Thursday, November 18, 2021

[SOLVED] What is indirect expansion? What does ${!var*} mean?

Issue

I'm reading "Bash Guide for Beginners". It says:

If the first character of PARAMETER is an exclamation point, Bash uses the value of the variable formed from the rest of PARAMETER as the name of the variable; this variable is then expanded and that value is used in the rest of the substitution, rather than the value of PARAMETER itself. This is known as indirect expansion.

The example given is:

franky ~> echo ${!N*}
NNTPPORT NNTPSERVER NPX_PLUGIN_PATH

I don't quite understand here:

the value of the variable formed from the rest of PARAMETER

As the PARAMETER is just !N*, then

the rest of PARAMETER

is just N*. How could this form a variable? Did Bash search all possible command there?


Solution

If you read the bash man page, it basically confirms what you have stated:

If the first character of parameter is an exclamation point (!), a level of variable indirection is introduced. Bash uses the value of the variable formed from the rest of parameter as the name of the variable; this variable is then expanded and that value is used in the rest of the substitution, rather than the value of parameter itself.
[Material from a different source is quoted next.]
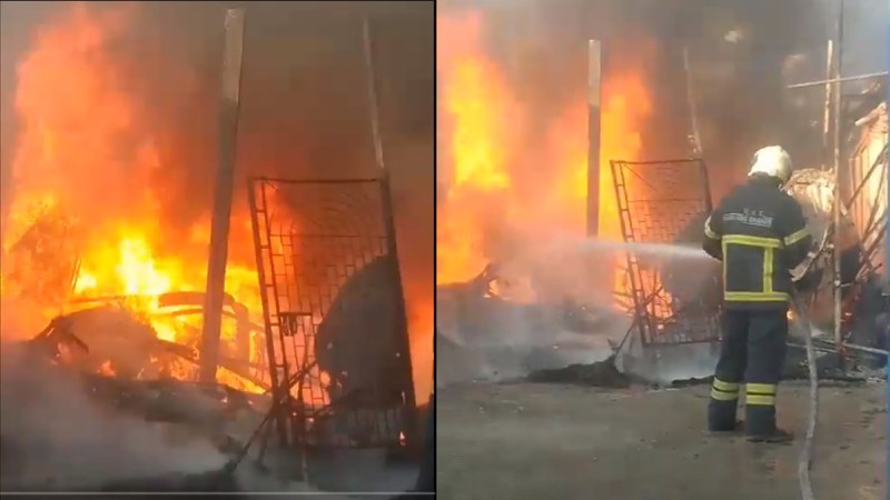 आग लगने के बाद उठी ऊंची लपटें, आसमान में धुएं का गुब्बार-

This is known as indirect expansion.

However, reading on from there:

The exceptions to this are the expansions of ${!prefix*} and ${!name[@]} described below.

${!prefix*} Names matching prefix. Expands to the names of variables whose names begin with prefix, separated by the first character of the IFS special variable.

In other words, your particular example ${!N*} is an exception to the rule you quoted. It does, however, work as advertised in the expected cases, such as:

$ export xyzzy=plugh ; export plugh=cave

$ echo ${xyzzy}  # normal, xyzzy to plugh
plugh

$ echo ${!xyzzy} # indirection, xyzzy to plugh to cave
cave


Answered By - paxdiablo